A 2024 Diabetes Care retrospective study in 14 FPLD patients reported at 6 months after GLP‑1RA initiation: - Weight: 95 ± 23 → 91 ± 22 kg (P=0.002) - BMI: 33 ± 6 → 31 ± 6 kg/m² (P=0.001) - HbA1c: 8.2 ± 1.4% → 7.7 ± 1.4% (P≈0.02) - Fasting glucose: 186 ± 64 → 166 ± 53 mg/dL (P≈0.04) - Triglycerides: 334.1 ± 170 → 256 ± 81 mg/dL (16.7% reduction) - Safety: no pancreatitis during the initial 6‑month observation, but two patients developed acute pancreatitis within the following 12 months on longer therapy; both had prior pancreatitis history. (fossfreitas2024efficacyandsafety pages 1-3, fossfreitas2024efficacyandsafety pages 3-4)

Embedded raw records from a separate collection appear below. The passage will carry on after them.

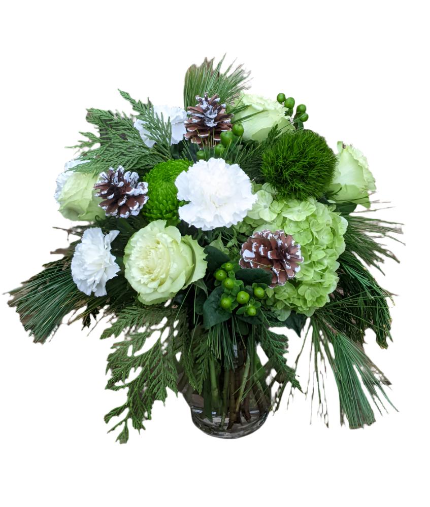 Snowy white flowers and bright pops of green make Winter Wishes a fresh and crisp arrangement. The design includes flowers like roses, carnations, hypericum berries, mums, and hydrangea. The flowers are accented by wintery touches like pinecones and evergreens. Winter Wishes is designed in a clear glass ginger vase. Like the evergreens themselves, many of the flower varieties in Winter Wishes are long lasting for even more enjoyment. Winter Wishes is an arrangement that celebrates the natural beauty of the season. It fits so many celebrations, no matter what holidays the recipient celebrates.
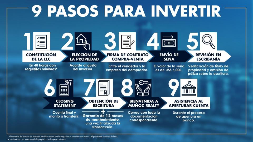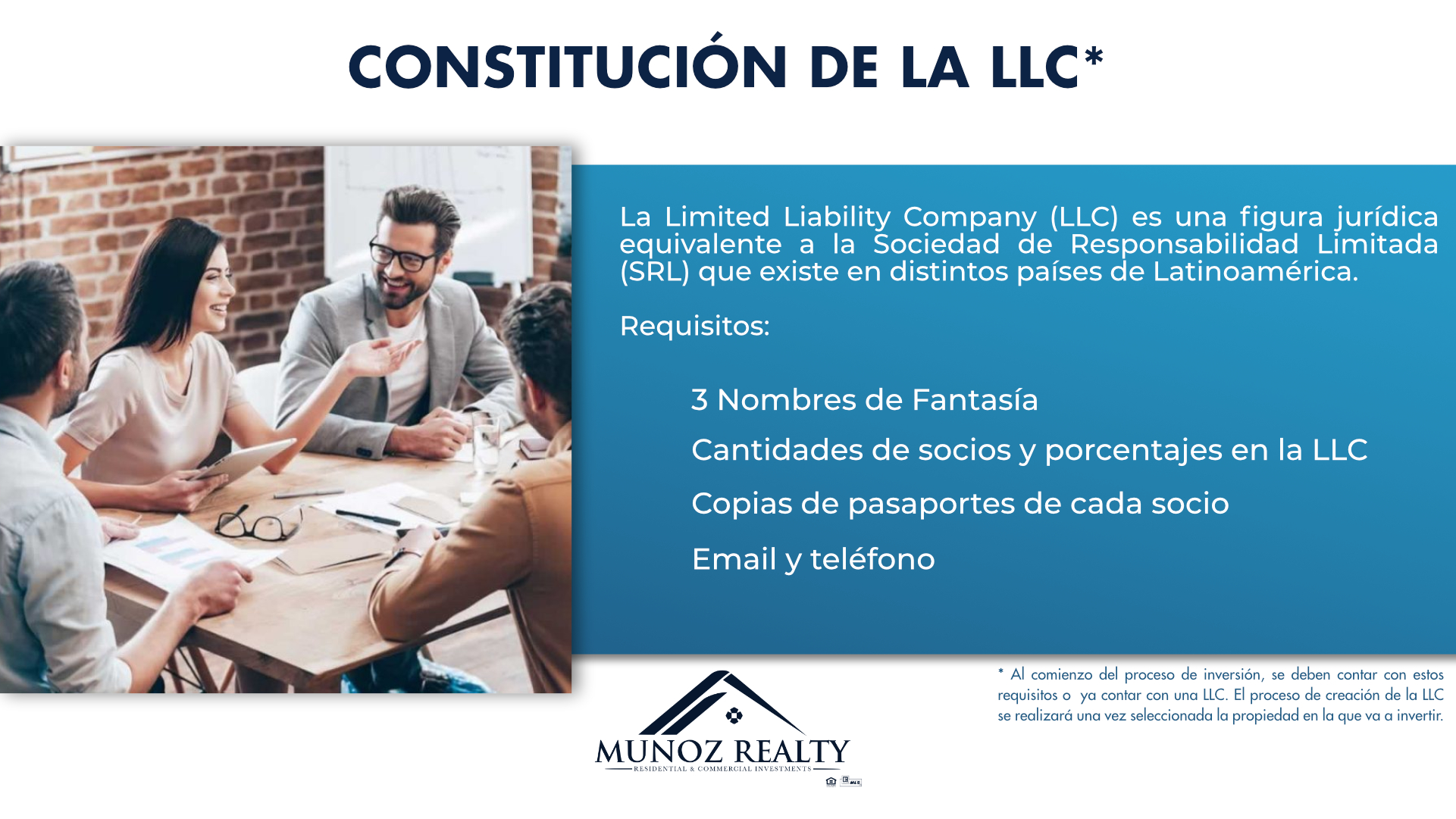 Munoz Realty brinda diversas opciones de bancos, en donde una vez elegida la propiedad se puede abrir una cuenta a nombre de la LLC vía electrónica sin necesidad de trasladarse a los Estados Unidos.
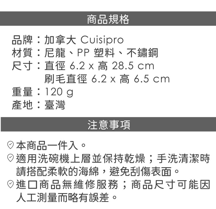 品牌:加拿大 Cuisipro材質:尼龍、PP 塑料、不鏽鋼尺寸:直徑 6.2 x 高 28.5 cm;刷毛直徑 6.2 x 高 6.5 cm重量:120 g產地:臺灣
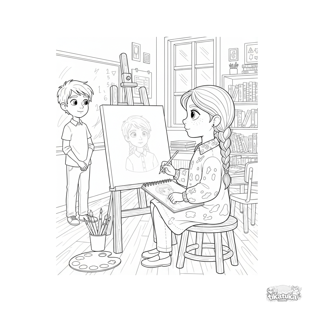 Ausmalbild für Kinder von 10-12 Jahren: eine junge Künstlerin zeichnet das Porträt eines Mitschülers an einer Staffelei im Klassenzimmer.

Suggested MAXO terms: GLP‑1 receptor agonist therapy.
Volanesorsen (ApoC-III antisense): Reviews report large triglyceride reductions in FPLD, including ~88% TG reduction at 3 months and hepatic fat reduction in a 40-subject FPLD study context. (fernandezpombo2023clinicalspectrumof pages 13-14, gilio2025clinicalguidancefor pages 8-10)
BROADEN trial registry record: NCT02527343 (Phase 2/3; randomized, double-blind, placebo-controlled with open-label extension) tested weekly 300 mg SC volanesorsen for 52 weeks; primary endpoint was percent TG change at month 3; study terminated early after sufficient data were collected; enrollment 40; results posted 2021‑10‑18. (NCT02527343 chunk 1)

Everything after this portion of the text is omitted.